* _WHAT IS BEING ASKED_
Restate word for word the lines below that run from the one holding "因为鲁迅在20世纪中国的历史" through the one holding "This ikebana is", inclusive. Pictures don't belong in the copy.

* _DATASET ENTRIES_
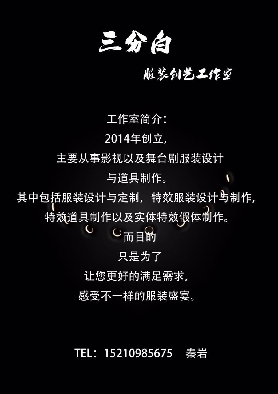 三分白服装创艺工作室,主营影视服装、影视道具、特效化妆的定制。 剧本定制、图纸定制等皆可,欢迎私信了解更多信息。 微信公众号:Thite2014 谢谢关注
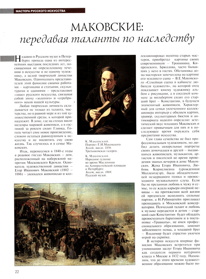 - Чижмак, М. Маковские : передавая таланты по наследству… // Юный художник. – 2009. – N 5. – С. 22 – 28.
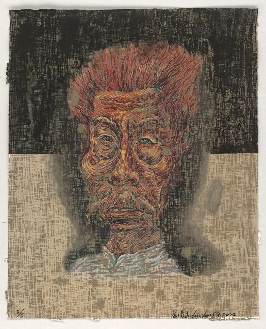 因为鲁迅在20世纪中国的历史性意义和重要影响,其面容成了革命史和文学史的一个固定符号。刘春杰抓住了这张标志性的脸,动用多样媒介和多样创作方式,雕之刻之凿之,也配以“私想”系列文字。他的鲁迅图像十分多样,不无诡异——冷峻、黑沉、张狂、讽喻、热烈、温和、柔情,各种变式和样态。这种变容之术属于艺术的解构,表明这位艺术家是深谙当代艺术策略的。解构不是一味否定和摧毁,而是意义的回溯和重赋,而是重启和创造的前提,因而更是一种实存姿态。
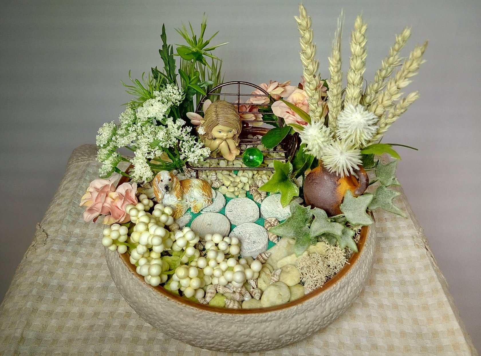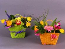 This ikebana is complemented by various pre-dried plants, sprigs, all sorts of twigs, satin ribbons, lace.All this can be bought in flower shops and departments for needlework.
--
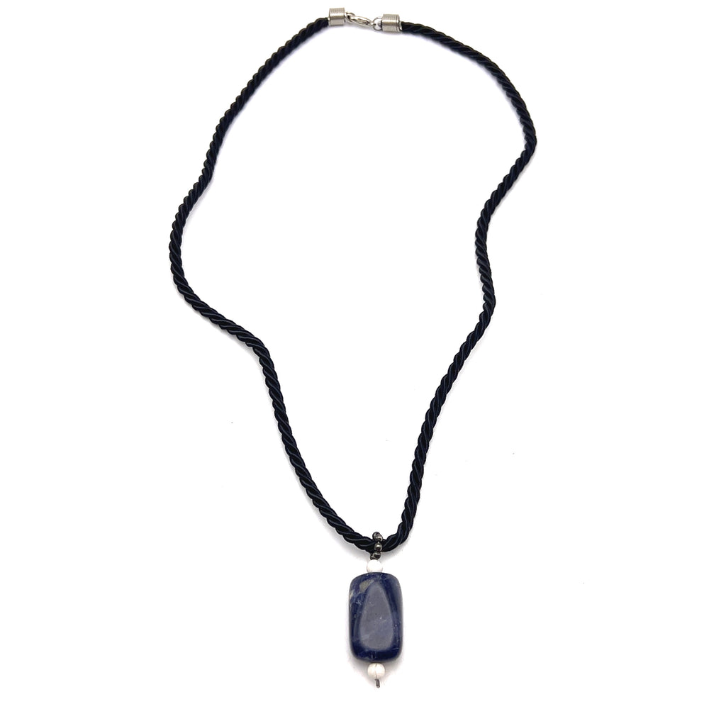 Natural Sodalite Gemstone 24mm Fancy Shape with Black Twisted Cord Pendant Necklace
==
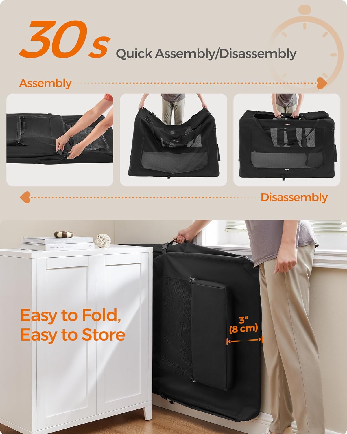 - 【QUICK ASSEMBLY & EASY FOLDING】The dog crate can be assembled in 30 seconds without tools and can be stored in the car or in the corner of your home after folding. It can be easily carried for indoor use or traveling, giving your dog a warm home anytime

* _EXERCISE RESPONSE_
 因为鲁迅在20世纪中国的历史性意义和重要影响,其面容成了革命史和文学史的一个固定符号。刘春杰抓住了这张标志性的脸,动用多样媒介和多样创作方式,雕之刻之凿之,也配以“私想”系列文字。他的鲁迅图像十分多样,不无诡异——冷峻、黑沉、张狂、讽喻、热烈、温和、柔情,各种变式和样态。这种变容之术属于艺术的解构,表明这位艺术家是深谙当代艺术策略的。解构不是一味否定和摧毁,而是意义的回溯和重赋,而是重启和创造的前提,因而更是一种实存姿态。
 This ikebana is complemented by various pre-dried plants, sprigs, all sorts of twigs, satin ribbons, lace.All this can be bought in flower shops and departments for needlework.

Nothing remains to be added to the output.